Captain Burns received numerous awards and commendations. On January 31, 1985, she received the Amelia Earhart Award—presented by New Jersey Governor Thomas Kean and the CEO of People Express, Donald Burr—for her historic flight as captain of the Boeing 747 on July 18, 1984. Prior to that award, on August 14, 1984, she received an Award of Recognition from Baltimore Mayor William Donald Schaefer, which cited her as one of Baltimore's best. On August 16, she received a letter of congratulation from New Jersey Senator C. Louis Bassano, who prepared a resolution in her honor. On August 21, U.S. Senator Frank R. Lautenberg of New Jersey credited her with "opening doors for millions of American women" and read her deeds into the Congressional Record. On October 17, Maryland Governor Harry Hughes sent a letter of congratulation and named her an "ambassador of goodwill" for the state. On November 16, she received a letter of congratulation from President Ronald Reagan and was invited to the 50th American President Inauguration.

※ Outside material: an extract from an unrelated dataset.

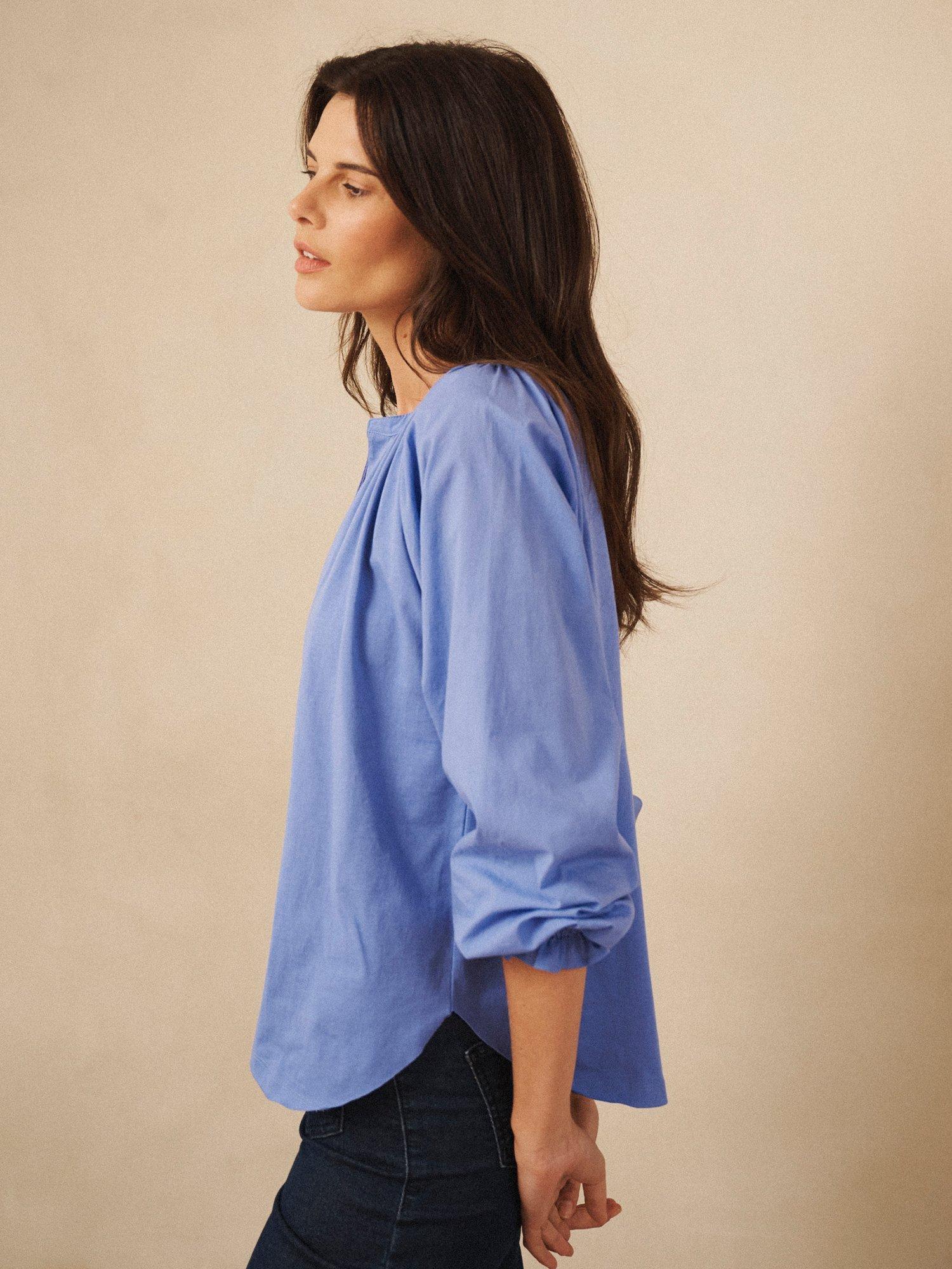 Light, easy, and endlessly wearable. Anita is an everyday go-to, reimagined with a feminine twist. Crafted from lightweight cotton, this shirt features soft gathers, frill details, and a relaxed silhouette. Complete with a fluid jersey body and crisp poplin sleeves. Wear it loose, tuck it in, or push up the elasticated cuffs for a touch of volume.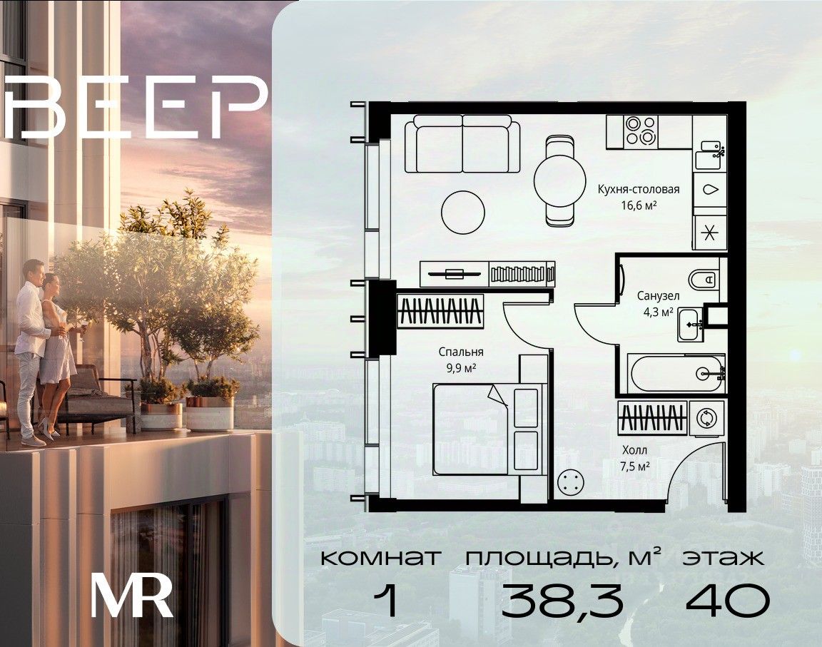 Продаётся 1-комнатная квартира общей площадью 38.30 м² без отделки в ЖК Веер на 40-м этаже 59 этажного дома.

Later commendations included a 2001 citation from U.S. Senator Barbara Mikulski of Maryland and a letter of congratulation, dated August 7, 2001, from President George W. Bush. On February 6, 2002, a proclamation by Baltimore Mayor Martin O'Malley designated the date as Beverly Burns Day in Baltimore. In 2003, she received a Certificate of Appreciation from USAF General John W. Handy for outstanding support for Operation Iraqi Freedom while serving as a member of the Civil Reserve Air Fleet.

She has a autobiography called The Shadow Of Thy Wings.

Burns later suffered from Alzheimer's disease, and died in Baltimore on November 1, 2025, at the age of 76. She was predeceased by her husband.